Don’t Banish Those Veggies To The Backyard!

     Have you ever thought, “I’d love to have a vegetable garden, but I just don’t have the room”?  Well, it’s time to think outside the box a little…

    When most people think about adding a vegetable garden to their homes, they turn their attention to the backyard in search of an out-of-the-way place where they can eek out a few square feet for a bed of tomatoes and squash.  Well, I don’t know when or why vegetables got banished and forced to live like lepers in their own separate colonies, but I’m here to tell ya that there’s more than one place to plant a tomato…or squash…or lettuce…or [insert vegetable of choice]!

     Have you ever thought about planting some veggies out amongst the shrubbery, roses, perennials, and annuals in your existing front, side, and backyard flower beds?  …”How daring!” you might think, or “How unexpected!”, or even “How absurd!”  “Everyone knows that front yards are for flowers and vegetables go way out in the back!”  Well, I don’t know the person who made up this rule, or the ogre who now says that we are bound to follow it, but I’ve never seen a single law enforcement officer arrest, much less write a ticket to the  lone ranger gardener who dared plant a row of spinach instead of marigolds or alyssum along the walkway to their front door — so, what are we waiting for –written permission from the county extension office?  We are free to intersperse garlic among our roses, and line a pathway with broccoli and cabbages instead of boxwood, and edge with chives as well as dianthus!  Our pots and hanging planters can be filled with lettuce and strawberries as well as nasturtiums and mums. 

     In my own front yard I have a variety of vegetables and herbs that are mixed in with the standard front yard fare of daylillies, cosmos, calendulas, geraniums, iris’, roses, etc.  Sugar snap peas clamor up trellises along with hollyhocks and clematis, as does a grape vine with a climbing rose.  The pretty, red leaves of beets line a pathway leading to my backyard, as does spinach along the pathway to another seating area.  Thyme is strategically positioned at the edge of a frontyard walkway to perfume the air as passersby gently brush its cascading stems and leaves.  I have numerous other examples of front yard edibles that I could tell you about, but the moral of the story is that when we think outside of the rectangular 6′ x 8′ box located somewhere at the edge of our backyard and designed to raise only vegetables, and turn our attention to the possibility of adding fresh, nutritious veggies into our existing garden beds, we suddenly and certainly have a lot more room to work with and get things growing!

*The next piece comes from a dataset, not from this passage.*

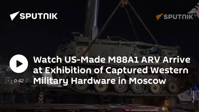 Ruské ministerstvo obrany zverejnilo zábery, na ktorých vidno obrnené záchranné vozidlo M88A1 (ARV) vyrobené v USA, ktoré prichádza na výstavu ukoristených zbraní NATO odvezených z konfliktnej zóny.
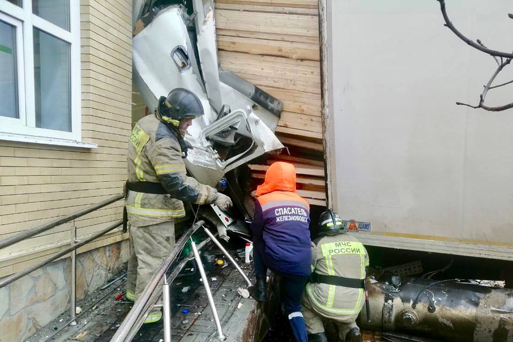 ДТП произошло на проспекте Ленина. После столкновения двух грузовиков, шофер фуры не справился с управлением и врезался в строение.

    If you are worried about how tomatoes or peppers might look in your front yard, let me tell you that the way your garden looks will be completely up to you.  My style is “cottage garden” – a mixture, or hodgepodge of plants that are informally designed.  I don’t live in a neighborhood where I have to “fit in” with everyone else, so I tend to take more of a free-form styled approach to my gardening.  However, if you desire a more formal look, I highly recommend that you view Linda Allard’s potager (kitchen garden), it is an amazing display of what a well-thought-out, edible landscape can look like and, in  my opinion, is truly inspirational!  It can also be a little intimidating;  but it’s a great place to brainstorm for ideas that you can incorporate and adapt to your own level of expertise. 

     Isn’t it wonderful to know that, no matter how much land you live on, by moving the vegetables out of the traditionally designated backyard box, and out into places where they’ve never gone before, you, literally, CAN have your long-awaited veggie garden and plenty to eat from it, too!